Knowledge Composition using Task Vectors with Learned Anisotropic Scaling

Pre-trained models produce strong generic representations that can be adapted via fine-tuning. The learned weight difference relative to the pre-trained model, known as a task vector, characterises the direction and stride of fine-tuning. The significance of task vectors is such that simple arithmetic operations on them can be used to combine diverse representations from different domains. This paper builds on these properties of task vectors and aims to answer (1) whether components of task vectors, particularly parameter blocks, exhibit similar characteristics, and (2) how such blocks can be used to enhance knowledge composition and transfer.
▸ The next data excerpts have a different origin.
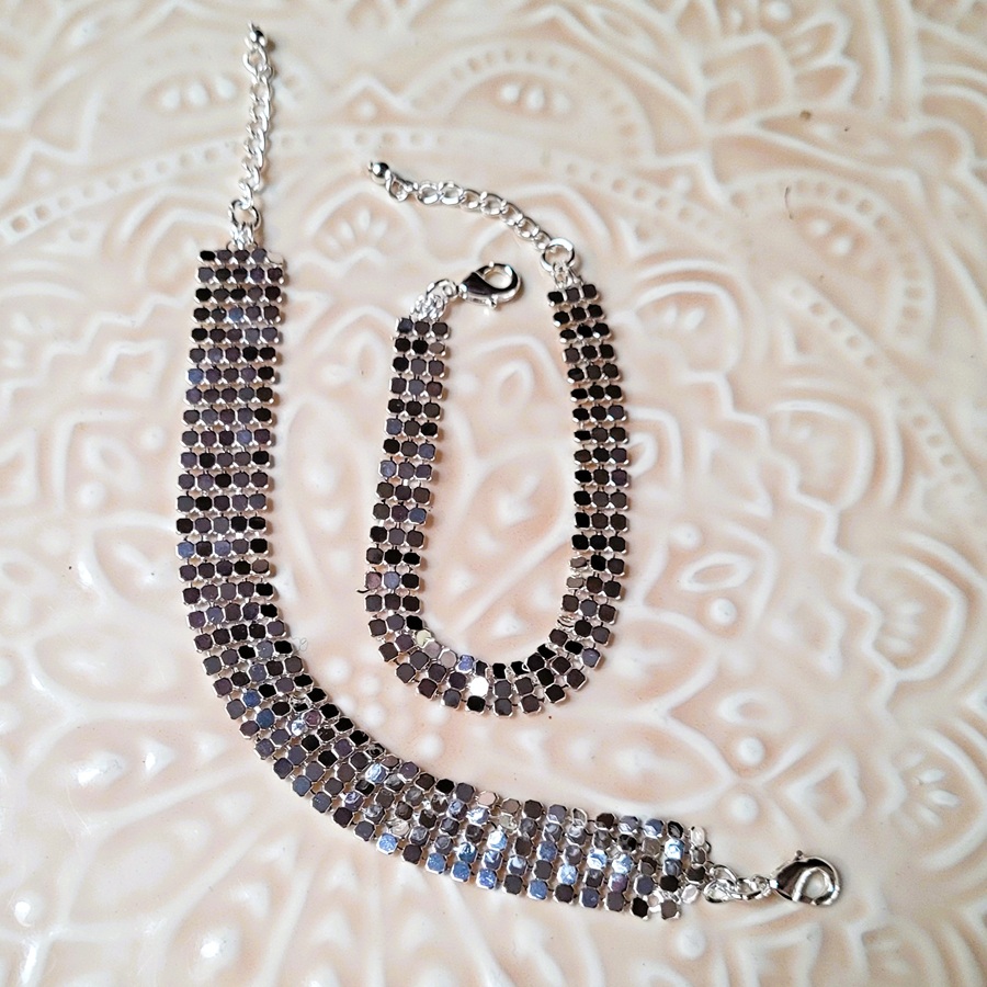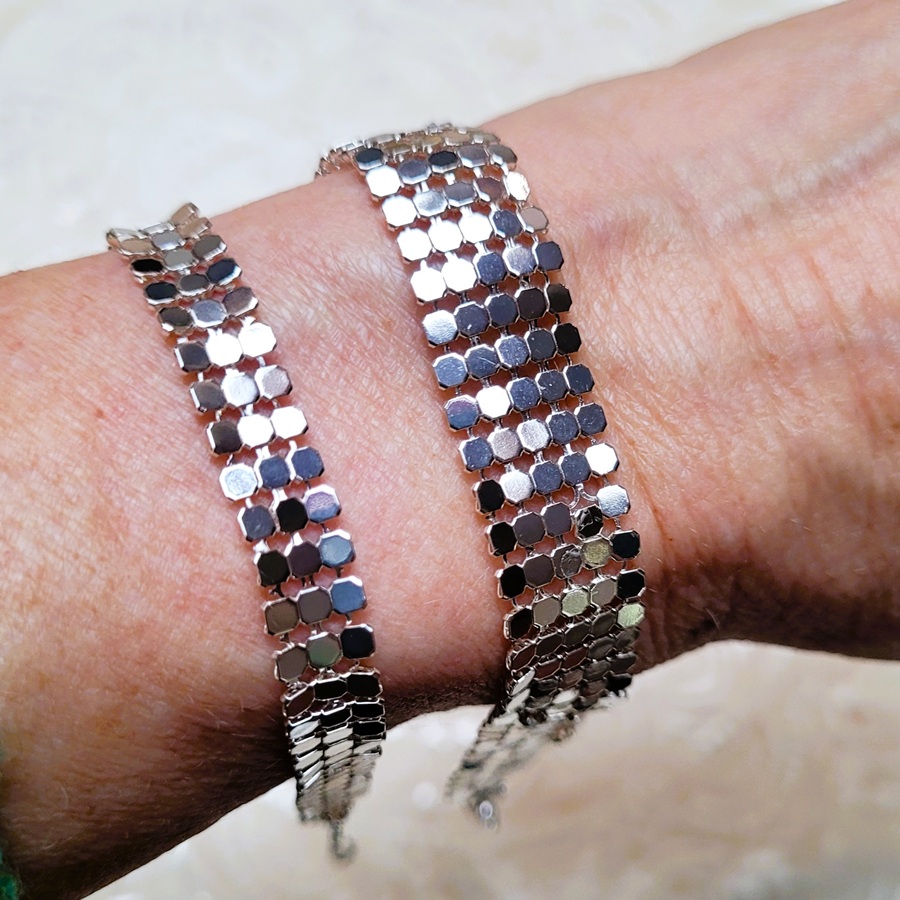 Le bracelet Ava plaqué argent « style liquid silver » est un set de 2 pièces souples et raffinées : un petit (1 cm) et un moyen (2 cm), disponibles en doré . Très fluide, très raffiné, il se porte seul ou assorti au collier Ava.
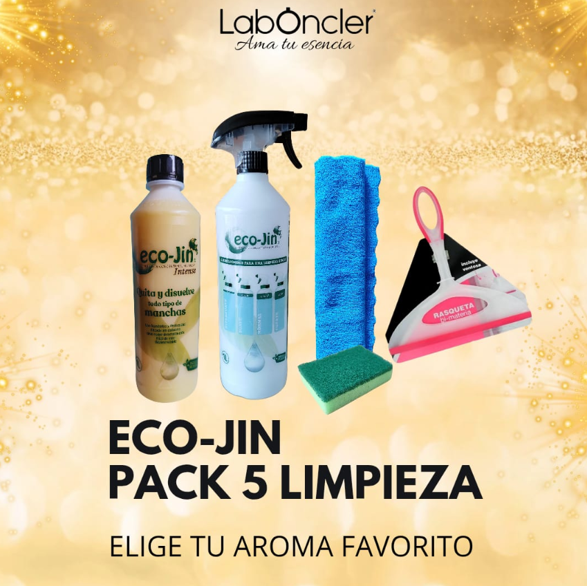 PACK 5 Limpieza ECOJIN + DIFUSOR + RASQUETA LIMPIA CRISTALES + BAYETA MICROFIBRA + ESTROPAJO CON ESPONJA
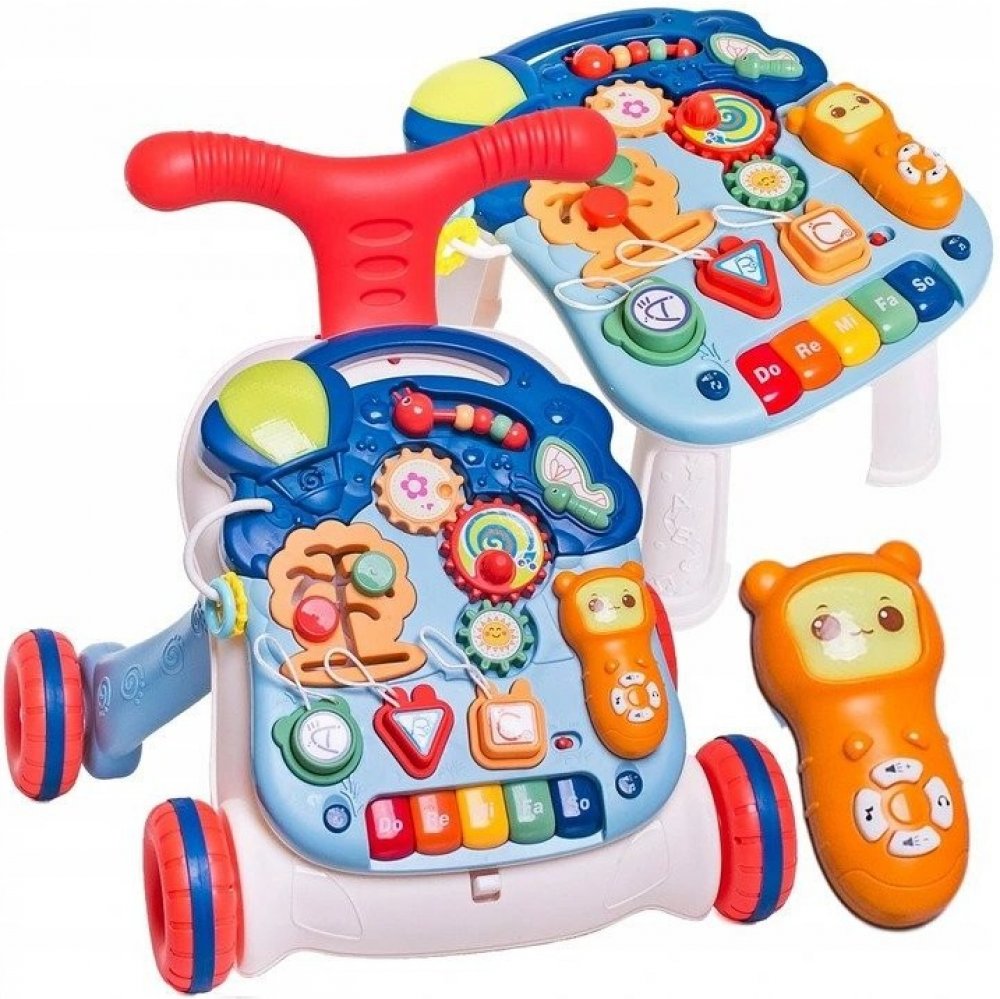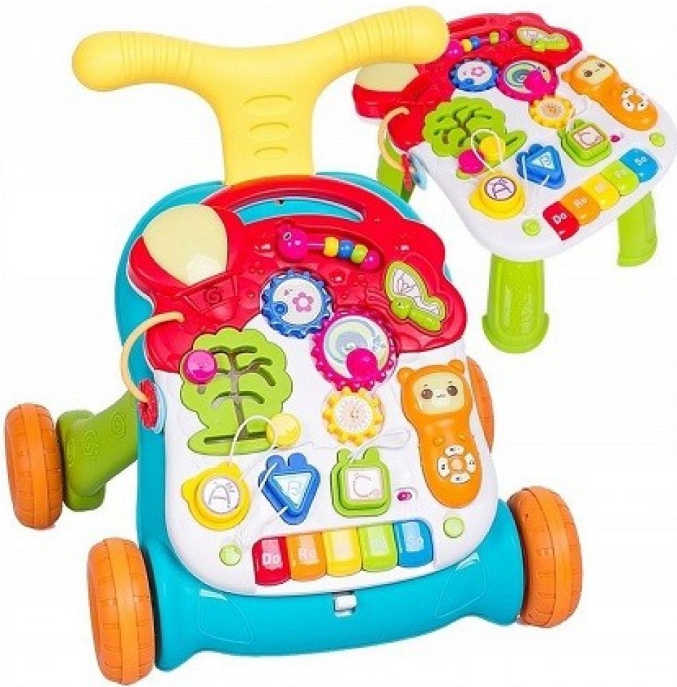 Barevné chodítko s hracím stolečkem. Multifunkční interaktivní hračka, která kombinuje funkci chodítka a vzdělávacího stolu.
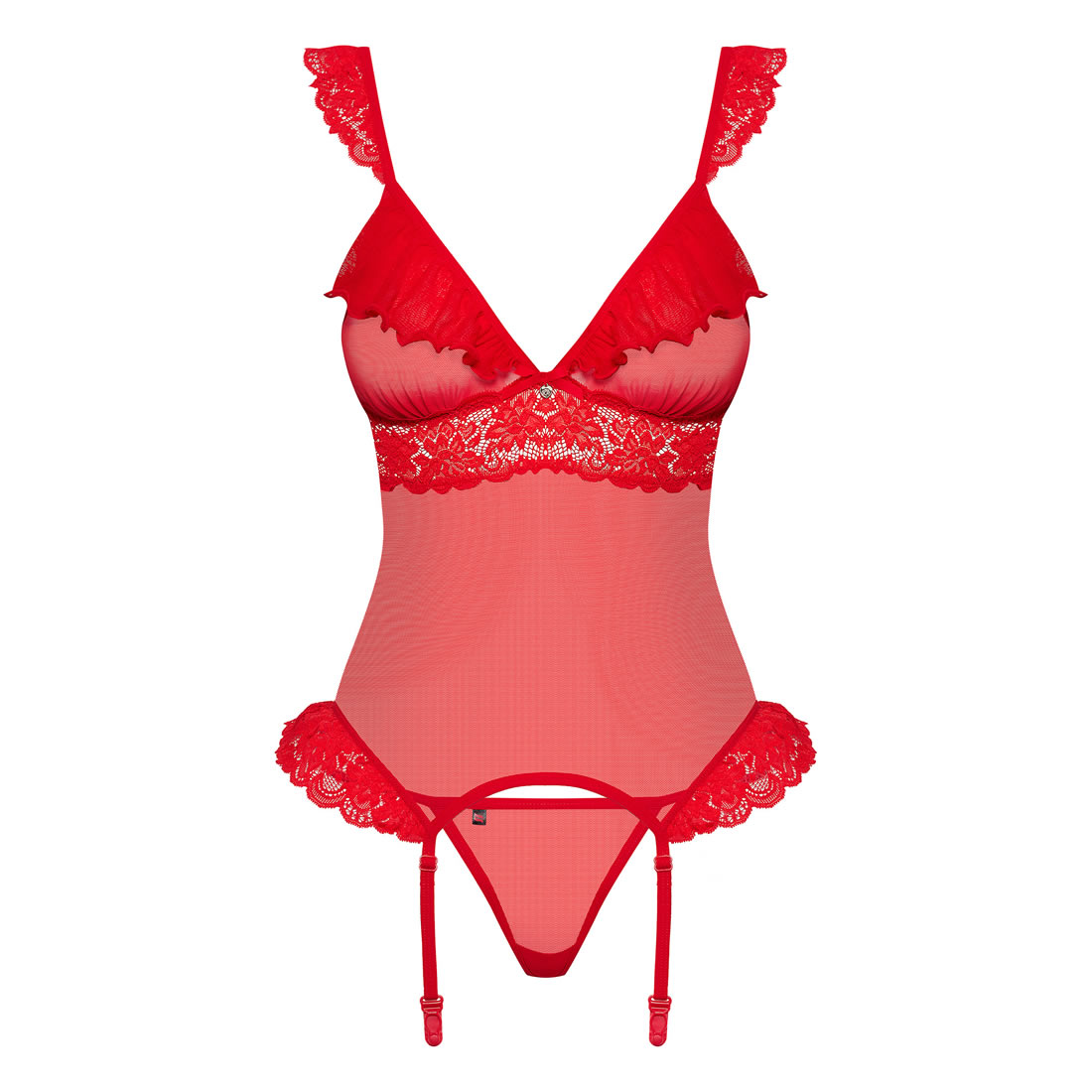 Do sedaj že veš, da je rdeča barva ljubezni. Pa veš, da sta čipka in naborki dobri za vzdušje? To boš spoznala, ko boš oblekla ta čudovit korzet! Ne čakaj. Privošči si ga in prični z odštevanjem vroči trenutki prihajajo!
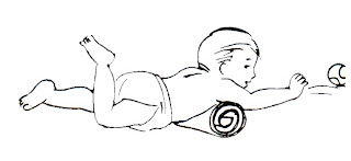 Com a criança de costas, faça-a rolar lentamente atingindo a posição de bruços. Procure chamar a atenção dela, colocando brinquedos coloridos do se lado.
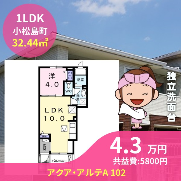 小松島市小松島町のアクア・アルテA 102をご紹介します
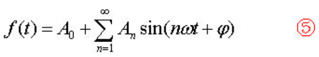 这里,t是变量,其他都是常数。与上面最简单的正弦周期函数相比,5式中多了一个n,且n从1到无穷大。这里f(t)是已知函数,也就是需要分解的原周期函数。从公式5来看,傅里叶是想把一个周期函数表示成许多正弦函数的线性叠加,这许许多多的正弦函数有着不同的幅度分量(即式中An)、有不同的周期或说是频率(是原周期函数的整数倍,即n)、有不同的初相角(即ψ),当然还有一项常数项(即A0)。要命的是,这个n是从1到无穷大,也就是是一个无穷级数。
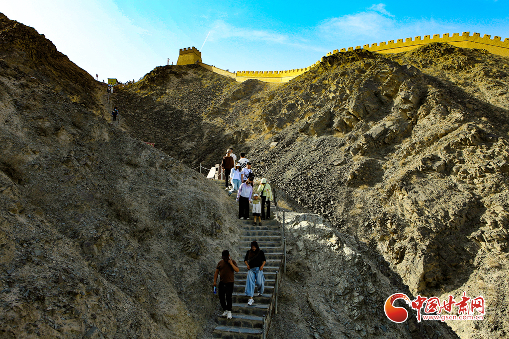 “五一”假期,甘肅省嘉峪關(guān)懸壁長(zhǎng)城旅游景區(qū)迎來(lái)了客流高峰,景區(qū)內(nèi)游人如織,熱鬧非凡。來(lái)自五湖四海的游客們紛紛慕名而來(lái),踏上這段陡峭險(xiǎn)峻的懸壁長(zhǎng)城,親身體驗(yàn)其獨(dú)特的雄壯偉岸。他們站在城墻上,極目遠(yuǎn)眺,盡情領(lǐng)略著古長(zhǎng)城所獨(dú)有的壯麗自然景觀與深厚歷史底蘊(yùn)。
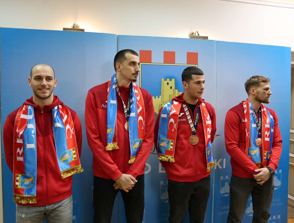 LJUBUŠKI, 4. veljače (FENA) - Velik broj Ljubušaka, ali i ostalih iz Hercegovine, u srijedu je u Ljubuškom dočekao četvoricu rukometaša koji dolaze iz ovog mjesta, koji su igrali u Rukometnom klubu (RK) Izviđač Agram te su s reprezentacijom Hrvatske na tek završenom Europskom rukometnom prvenstvu osvojili brončanu medalju. Brončane rukometaše Davida Mandića, Mateja Mandića, Ivana Pavlovića i Diana Nerisa Ćešku prvo je ugostio Ljubuški gradonačelnik Vedran Markotić, a onda nakon svečanog prijema i ljubuška publika.

To this end, we introduce aTLAS, an algorithm that linearly combines parameter blocks with different learned coefficients, resulting in anisotropic scaling at the task vector level. We show that such linear combinations explicitly exploit the low intrinsic dimensionality of pre-trained models, with only a few coefficients being the learnable parameters. Furthermore, composition of parameter blocks leverages the already learned representations, thereby reducing the dependency on large amounts of data. We demonstrate the effectiveness of our method in task arithmetic, few-shot recognition and test-time adaptation, with supervised or unsupervised objectives. In particular, we show that (1) learned anisotropic scaling allows task vectors to be more disentangled, causing less interference in composition; (2) task vector composition excels with scarce or no labeled data and is less prone to domain shift, thus leading to better generalisability; (3) mixing the most informative parameter blocks across different task vectors prior to training can reduce the memory footprint and improve the flexibility of knowledge transfer. Moreover, we show the potential of aTLAS as a PEFT method, particularly with less data, and demonstrate that its scalibility.

翻译：预训练模型能够产生强大的通用表示，这些表示可以通过微调进行适配。相对于预训练模型所学习到的权重差异，即任务向量，表征了微调的方向与步长。任务向量的重要性在于，对其执行简单的算术运算即可用于组合来自不同领域的多样化表示。本文基于任务向量的这些特性，旨在探究以下问题：(1) 任务向量的组成部分，特别是参数块，是否表现出相似的特征；(2) 如何利用这些参数块来增强知识组合与迁移。为此，我们提出了aTLAS算法，该算法以不同的学习系数线性组合参数块，从而在任务向量层面实现各向异性缩放。我们证明，此类线性组合显式地利用了预训练模型的低内在维度，其中仅有少数系数是可学习参数。此外，参数块的组合利用了已学习到的表示，从而降低了对大量数据的依赖。我们在任务算术、少样本识别和测试时适应等场景中，通过有监督或无监督目标，验证了我们方法的有效性。具体而言，我们证明了：(1) 学习到的各向异性缩放使任务向量更具解耦性，在组合时产生的干扰更少；(2) 任务向量组合在标注数据稀缺或缺失时表现优异，且更不易受领域偏移影响，从而获得更好的泛化能力；(3) 在训练前混合不同任务向量中最具信息量的参数块，可以减少内存占用并提高知识迁移的灵活性。此外，我们展示了aTLAS作为一种参数高效微调方法的潜力，尤其是在数据较少的情况下，并论证了其可扩展性。